■ **EXTRACTED INFORMATION**

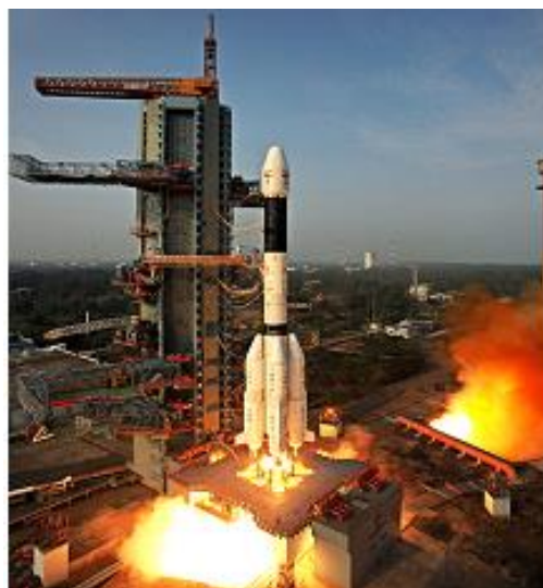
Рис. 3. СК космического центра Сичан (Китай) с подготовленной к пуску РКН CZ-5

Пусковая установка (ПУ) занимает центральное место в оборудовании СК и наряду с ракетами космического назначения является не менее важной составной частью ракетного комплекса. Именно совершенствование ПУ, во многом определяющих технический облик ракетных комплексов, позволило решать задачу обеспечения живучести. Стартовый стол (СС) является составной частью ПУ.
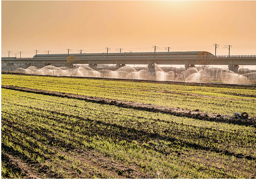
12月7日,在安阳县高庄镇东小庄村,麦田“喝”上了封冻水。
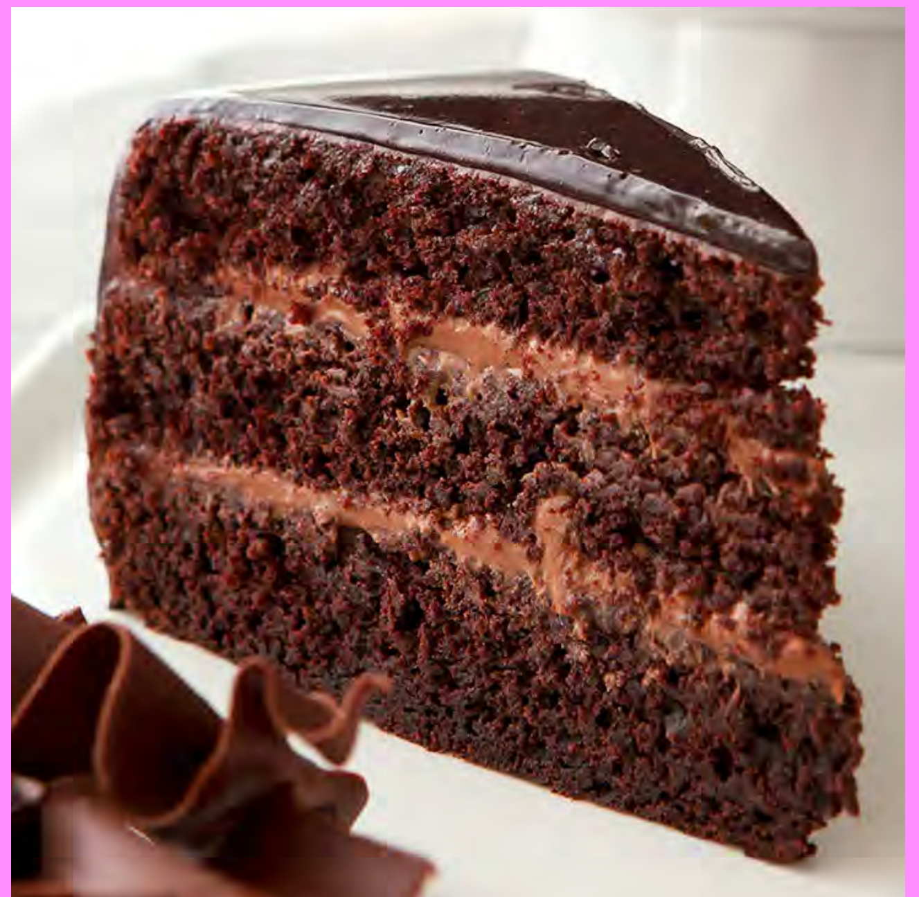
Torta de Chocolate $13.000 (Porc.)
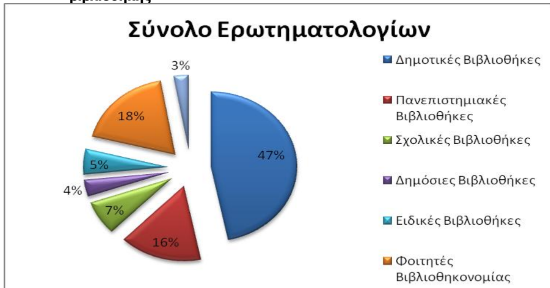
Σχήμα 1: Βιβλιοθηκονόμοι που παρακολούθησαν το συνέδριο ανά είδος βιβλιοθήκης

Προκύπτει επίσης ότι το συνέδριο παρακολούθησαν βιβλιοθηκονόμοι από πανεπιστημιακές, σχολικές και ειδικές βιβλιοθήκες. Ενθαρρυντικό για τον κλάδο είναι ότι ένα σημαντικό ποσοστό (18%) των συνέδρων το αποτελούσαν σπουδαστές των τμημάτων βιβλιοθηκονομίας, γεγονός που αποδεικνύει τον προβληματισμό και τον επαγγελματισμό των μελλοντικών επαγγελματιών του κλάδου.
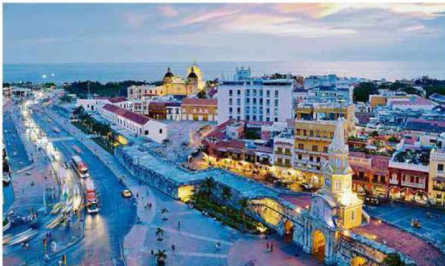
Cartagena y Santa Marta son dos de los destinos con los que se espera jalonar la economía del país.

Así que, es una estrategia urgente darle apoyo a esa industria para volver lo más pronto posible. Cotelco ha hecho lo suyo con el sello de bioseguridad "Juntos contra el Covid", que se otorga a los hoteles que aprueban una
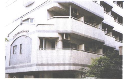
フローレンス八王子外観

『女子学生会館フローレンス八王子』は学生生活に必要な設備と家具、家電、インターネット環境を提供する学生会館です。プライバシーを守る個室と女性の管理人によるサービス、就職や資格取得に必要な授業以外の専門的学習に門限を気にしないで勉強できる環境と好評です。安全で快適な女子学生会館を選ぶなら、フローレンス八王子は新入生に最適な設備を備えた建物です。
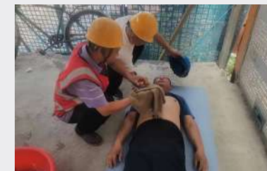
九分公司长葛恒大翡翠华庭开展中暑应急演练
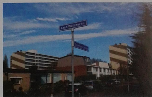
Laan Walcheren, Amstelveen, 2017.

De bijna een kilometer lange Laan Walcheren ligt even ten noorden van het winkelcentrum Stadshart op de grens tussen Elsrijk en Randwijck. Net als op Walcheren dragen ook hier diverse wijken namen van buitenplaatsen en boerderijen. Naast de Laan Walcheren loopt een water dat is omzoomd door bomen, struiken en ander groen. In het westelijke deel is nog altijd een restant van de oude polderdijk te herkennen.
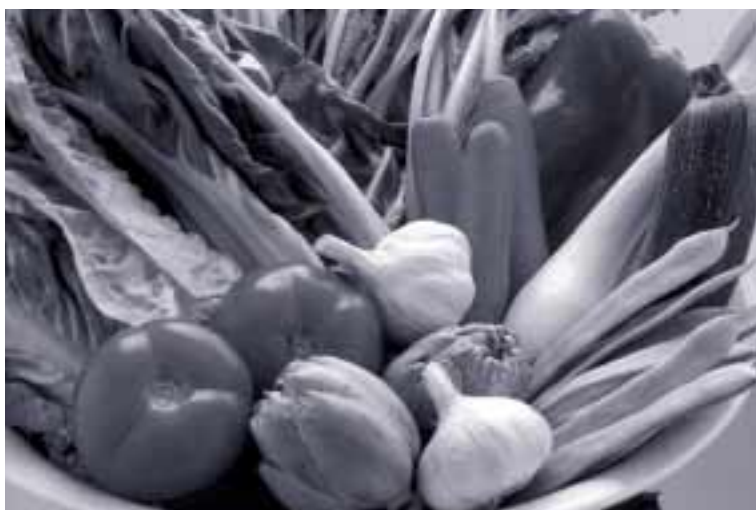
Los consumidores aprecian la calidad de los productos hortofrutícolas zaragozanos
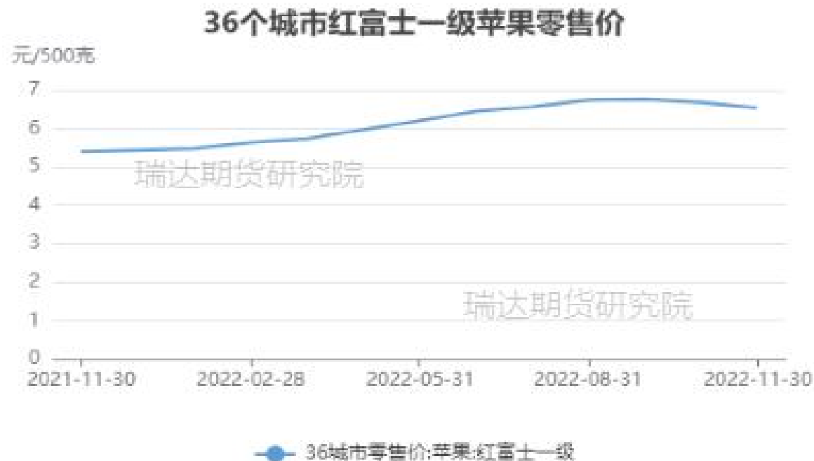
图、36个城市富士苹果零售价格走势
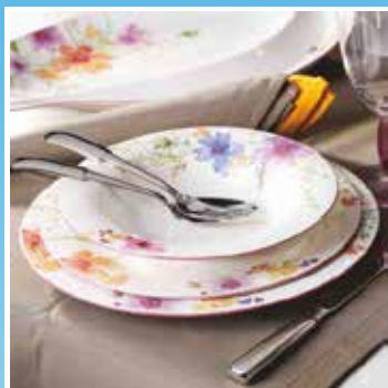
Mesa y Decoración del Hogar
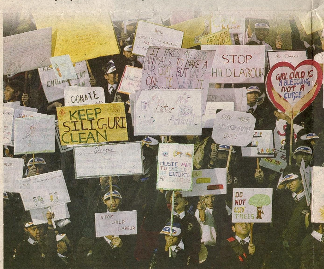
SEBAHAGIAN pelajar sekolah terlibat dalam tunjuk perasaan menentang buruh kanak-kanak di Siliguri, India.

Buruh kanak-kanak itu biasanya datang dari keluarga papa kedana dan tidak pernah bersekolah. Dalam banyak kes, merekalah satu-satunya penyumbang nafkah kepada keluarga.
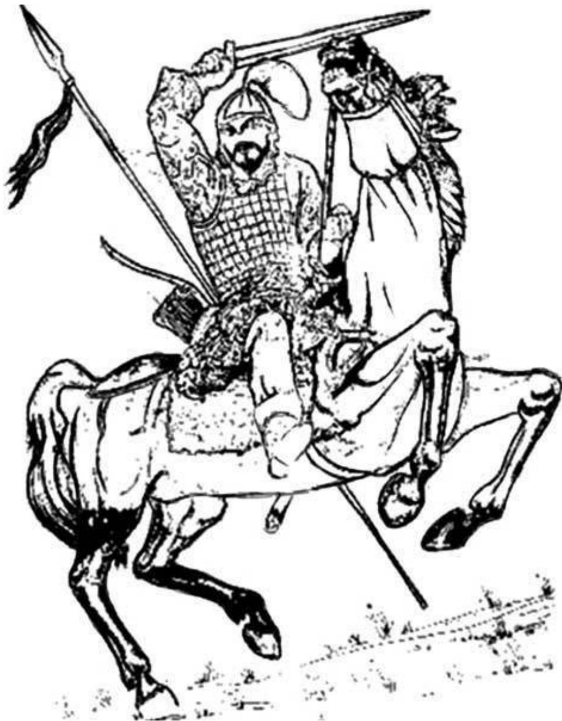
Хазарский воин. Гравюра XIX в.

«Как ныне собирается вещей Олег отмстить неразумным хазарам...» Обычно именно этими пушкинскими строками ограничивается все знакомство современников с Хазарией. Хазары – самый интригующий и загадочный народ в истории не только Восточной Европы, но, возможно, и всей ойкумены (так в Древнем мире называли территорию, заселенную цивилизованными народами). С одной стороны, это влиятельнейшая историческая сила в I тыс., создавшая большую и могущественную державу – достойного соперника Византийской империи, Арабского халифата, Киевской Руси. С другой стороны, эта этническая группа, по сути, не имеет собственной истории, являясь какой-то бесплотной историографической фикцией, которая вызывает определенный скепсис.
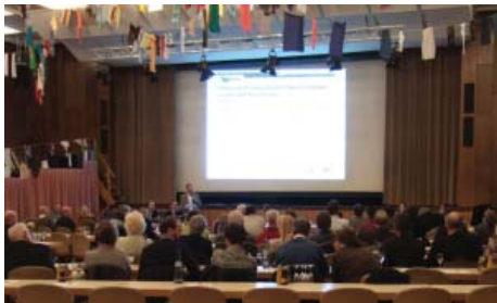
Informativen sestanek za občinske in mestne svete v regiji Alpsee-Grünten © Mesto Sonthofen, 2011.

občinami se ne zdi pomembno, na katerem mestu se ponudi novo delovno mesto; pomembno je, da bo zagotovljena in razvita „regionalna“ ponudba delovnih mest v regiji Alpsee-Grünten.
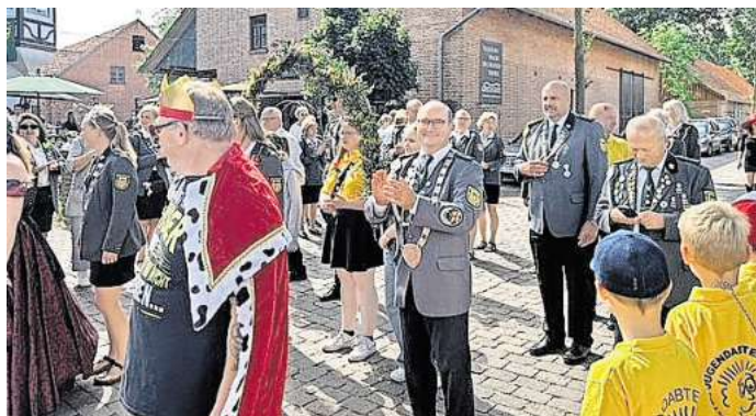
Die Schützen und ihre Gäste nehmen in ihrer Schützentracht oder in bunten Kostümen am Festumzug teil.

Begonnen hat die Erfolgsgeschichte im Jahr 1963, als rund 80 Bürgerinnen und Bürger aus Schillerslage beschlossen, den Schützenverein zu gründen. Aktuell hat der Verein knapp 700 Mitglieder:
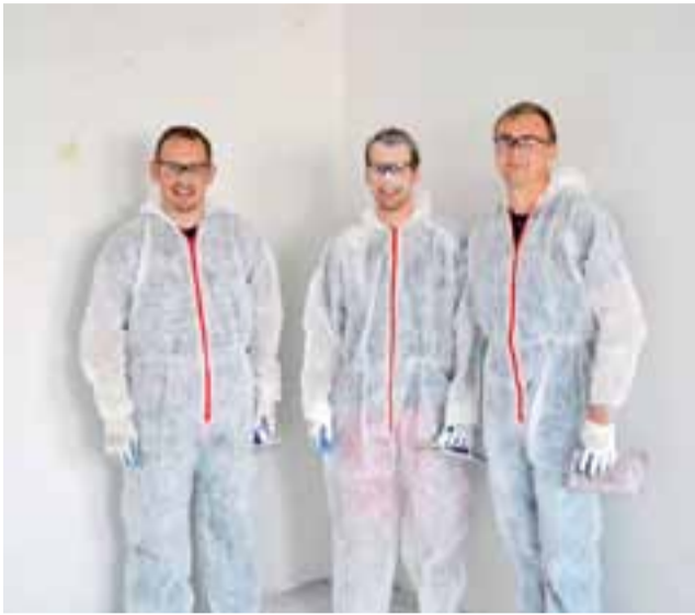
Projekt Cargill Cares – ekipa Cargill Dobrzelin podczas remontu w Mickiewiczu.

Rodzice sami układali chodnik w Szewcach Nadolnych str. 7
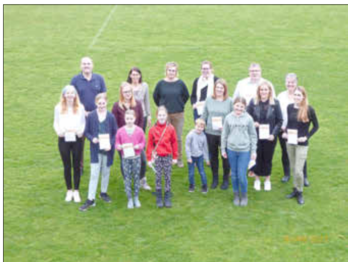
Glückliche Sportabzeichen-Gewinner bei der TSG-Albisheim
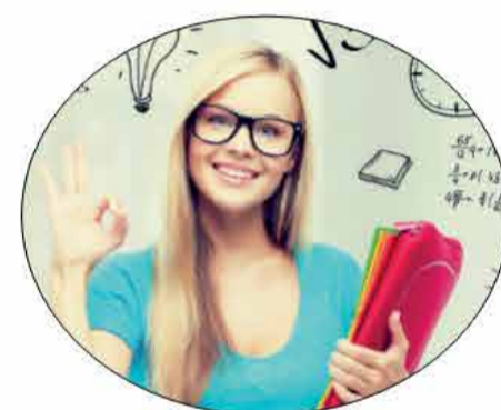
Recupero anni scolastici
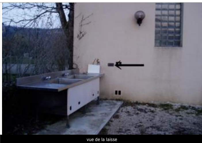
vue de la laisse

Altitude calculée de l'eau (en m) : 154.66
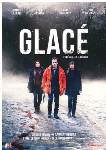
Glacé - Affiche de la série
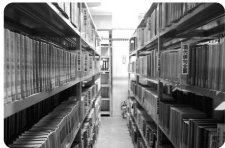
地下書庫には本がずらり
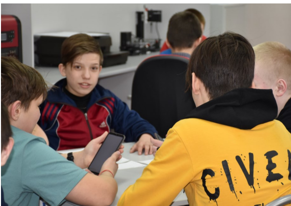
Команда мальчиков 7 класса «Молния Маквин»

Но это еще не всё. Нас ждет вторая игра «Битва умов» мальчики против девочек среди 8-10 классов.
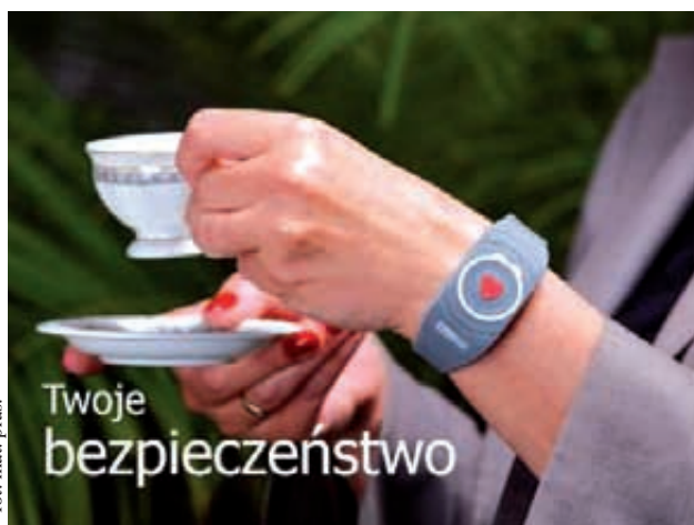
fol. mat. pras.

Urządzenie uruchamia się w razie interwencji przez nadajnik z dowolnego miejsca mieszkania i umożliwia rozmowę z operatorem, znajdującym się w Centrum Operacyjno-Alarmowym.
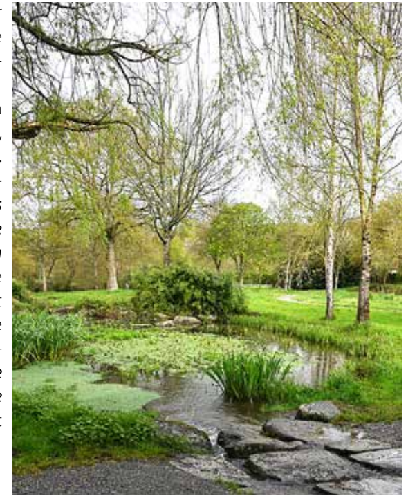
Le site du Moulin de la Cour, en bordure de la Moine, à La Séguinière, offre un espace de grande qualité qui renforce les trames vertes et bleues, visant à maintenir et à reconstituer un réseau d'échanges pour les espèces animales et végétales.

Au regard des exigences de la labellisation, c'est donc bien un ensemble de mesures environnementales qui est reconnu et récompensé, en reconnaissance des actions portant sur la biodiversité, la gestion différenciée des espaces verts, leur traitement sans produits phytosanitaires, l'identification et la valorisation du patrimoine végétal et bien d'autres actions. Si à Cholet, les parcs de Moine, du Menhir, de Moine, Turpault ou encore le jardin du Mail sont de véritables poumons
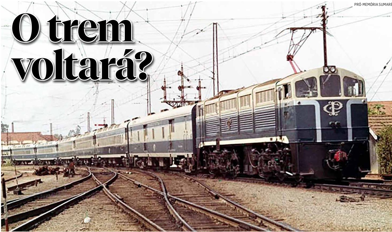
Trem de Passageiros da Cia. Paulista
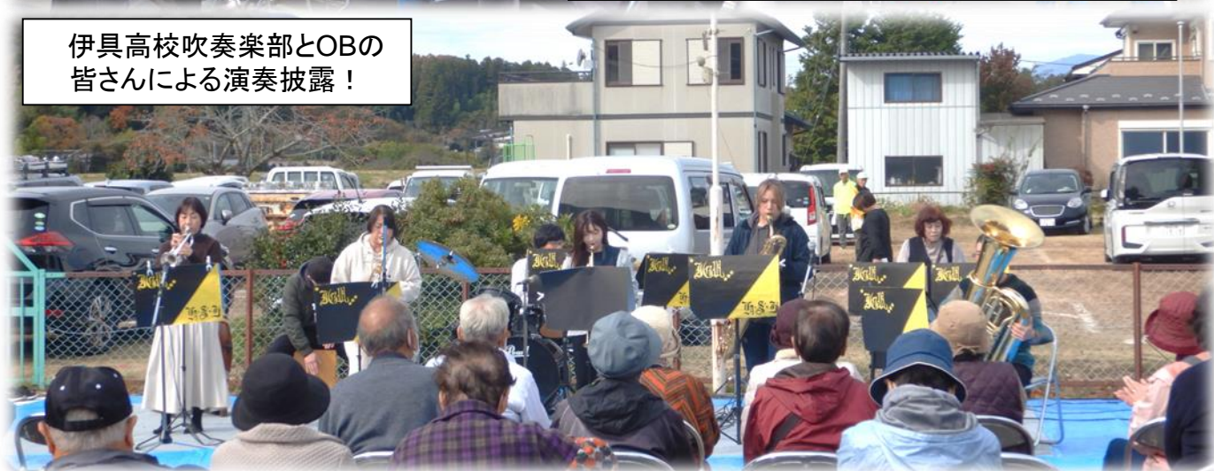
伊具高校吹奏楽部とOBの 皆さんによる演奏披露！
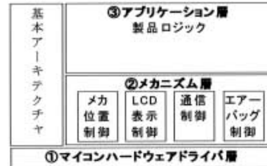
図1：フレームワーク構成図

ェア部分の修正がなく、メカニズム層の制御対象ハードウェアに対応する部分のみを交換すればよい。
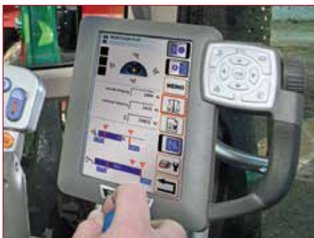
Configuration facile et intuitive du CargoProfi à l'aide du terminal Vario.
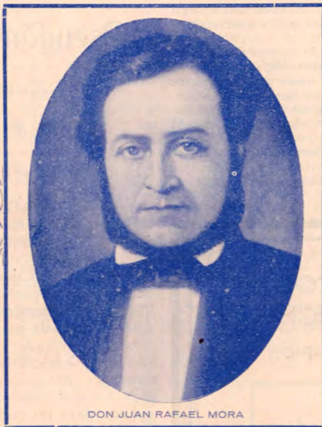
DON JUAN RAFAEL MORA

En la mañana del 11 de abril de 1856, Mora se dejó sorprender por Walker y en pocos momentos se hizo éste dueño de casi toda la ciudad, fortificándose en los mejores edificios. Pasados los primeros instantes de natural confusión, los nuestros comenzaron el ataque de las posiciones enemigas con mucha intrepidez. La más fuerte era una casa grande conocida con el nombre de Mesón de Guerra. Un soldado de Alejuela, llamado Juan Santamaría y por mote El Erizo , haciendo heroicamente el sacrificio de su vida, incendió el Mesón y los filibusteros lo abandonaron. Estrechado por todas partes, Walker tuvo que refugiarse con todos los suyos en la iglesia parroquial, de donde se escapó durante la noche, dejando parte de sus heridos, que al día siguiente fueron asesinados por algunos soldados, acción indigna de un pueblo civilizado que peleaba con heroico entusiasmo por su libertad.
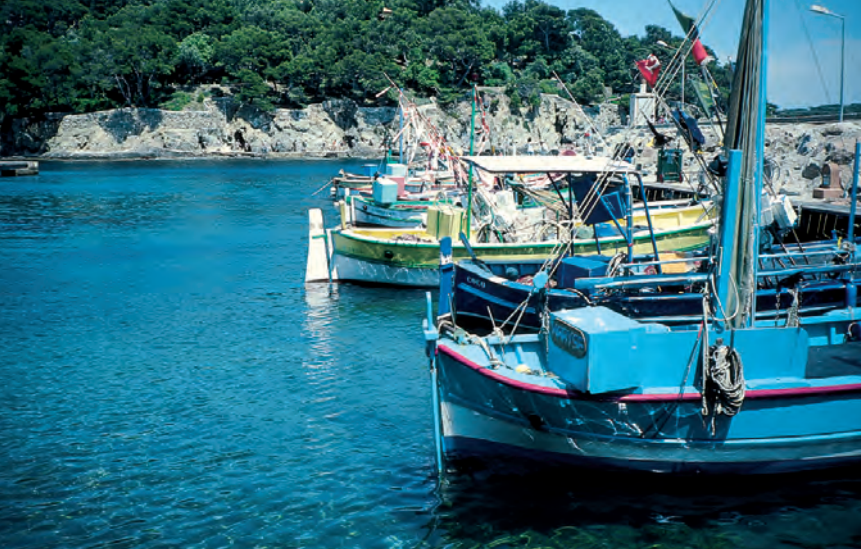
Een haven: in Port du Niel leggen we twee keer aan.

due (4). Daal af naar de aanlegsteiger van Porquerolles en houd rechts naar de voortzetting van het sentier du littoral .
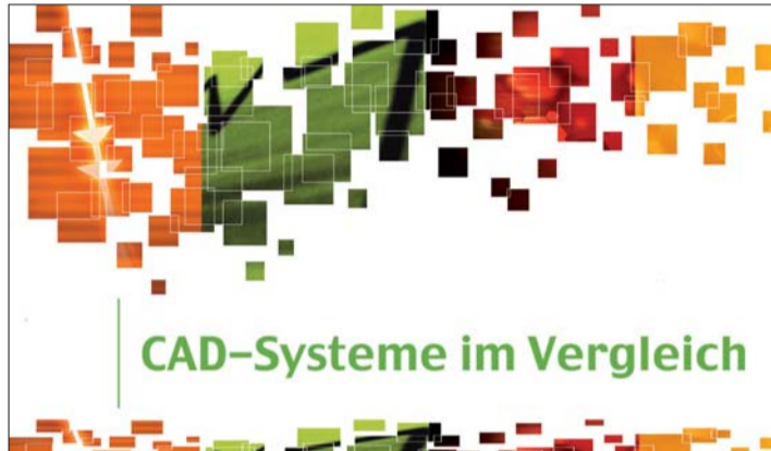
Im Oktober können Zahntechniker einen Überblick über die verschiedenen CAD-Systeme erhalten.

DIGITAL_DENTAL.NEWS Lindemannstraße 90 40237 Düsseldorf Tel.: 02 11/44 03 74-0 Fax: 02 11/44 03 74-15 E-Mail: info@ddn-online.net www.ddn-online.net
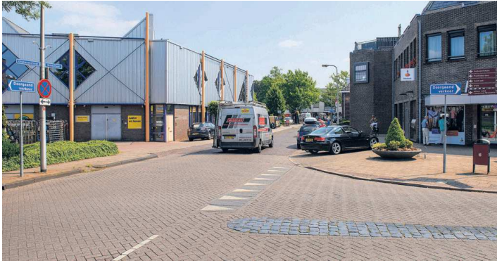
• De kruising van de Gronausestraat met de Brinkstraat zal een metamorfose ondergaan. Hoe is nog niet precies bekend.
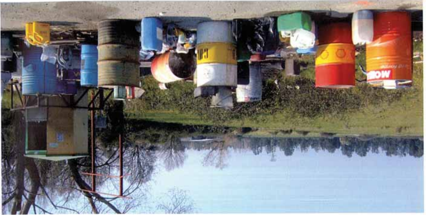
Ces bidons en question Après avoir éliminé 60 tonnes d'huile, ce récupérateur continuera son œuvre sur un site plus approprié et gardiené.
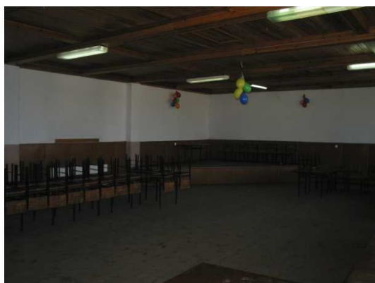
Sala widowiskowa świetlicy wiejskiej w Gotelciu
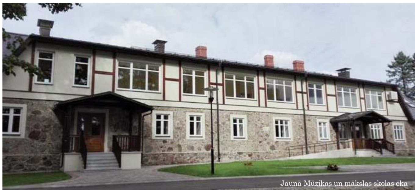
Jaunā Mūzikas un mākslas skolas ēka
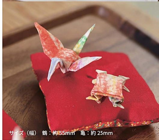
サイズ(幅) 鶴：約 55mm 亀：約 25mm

■ **WHAT IS EXPECTED**
Copy out nothing but the lines from the beginning of the records through the one that contains "Laan Walcheren, Amstelveen, 2017.". Skip the pictures.

■ **YOUR SOLUTION**
Рис. 3. СК космического центра Сичан (Китай) с подготовленной к пуску РКН CZ-5

Пусковая установка (ПУ) занимает центральное место в оборудовании СК и наряду с ракетами космического назначения является не менее важной составной частью ракетного комплекса. Именно совершенствование ПУ, во многом определяющих технический облик ракетных комплексов, позволило решать задачу обеспечения живучести. Стартовый стол (СС) является составной частью ПУ.
12月7日,在安阳县高庄镇东小庄村,麦田“喝”上了封冻水。
Torta de Chocolate $13.000 (Porc.)
Σχήμα 1: Βιβλιοθηκονόμοι που παρακολούθησαν το συνέδριο ανά είδος βιβλιοθήκης

Προκύπτει επίσης ότι το συνέδριο παρακολούθησαν βιβλιοθηκονόμοι από πανεπιστημιακές, σχολικές και ειδικές βιβλιοθήκες. Ενθαρρυντικό για τον κλάδο είναι ότι ένα σημαντικό ποσοστό (18%) των συνέδρων το αποτελούσαν σπουδαστές των τμημάτων βιβλιοθηκονομίας, γεγονός που αποδεικνύει τον προβληματισμό και τον επαγγελματισμό των μελλοντικών επαγγελματιών του κλάδου.
Cartagena y Santa Marta son dos de los destinos con los que se espera jalonar la economía del país.

Así que, es una estrategia urgente darle apoyo a esa industria para volver lo más pronto posible. Cotelco ha hecho lo suyo con el sello de bioseguridad "Juntos contra el Covid", que se otorga a los hoteles que aprueban una
フローレンス八王子外観

『女子学生会館フローレンス八王子』は学生生活に必要な設備と家具、家電、インターネット環境を提供する学生会館です。プライバシーを守る個室と女性の管理人によるサービス、就職や資格取得に必要な授業以外の専門的学習に門限を気にしないで勉強できる環境と好評です。安全で快適な女子学生会館を選ぶなら、フローレンス八王子は新入生に最適な設備を備えた建物です。
九分公司长葛恒大翡翠华庭开展中暑应急演练
Laan Walcheren, Amstelveen, 2017.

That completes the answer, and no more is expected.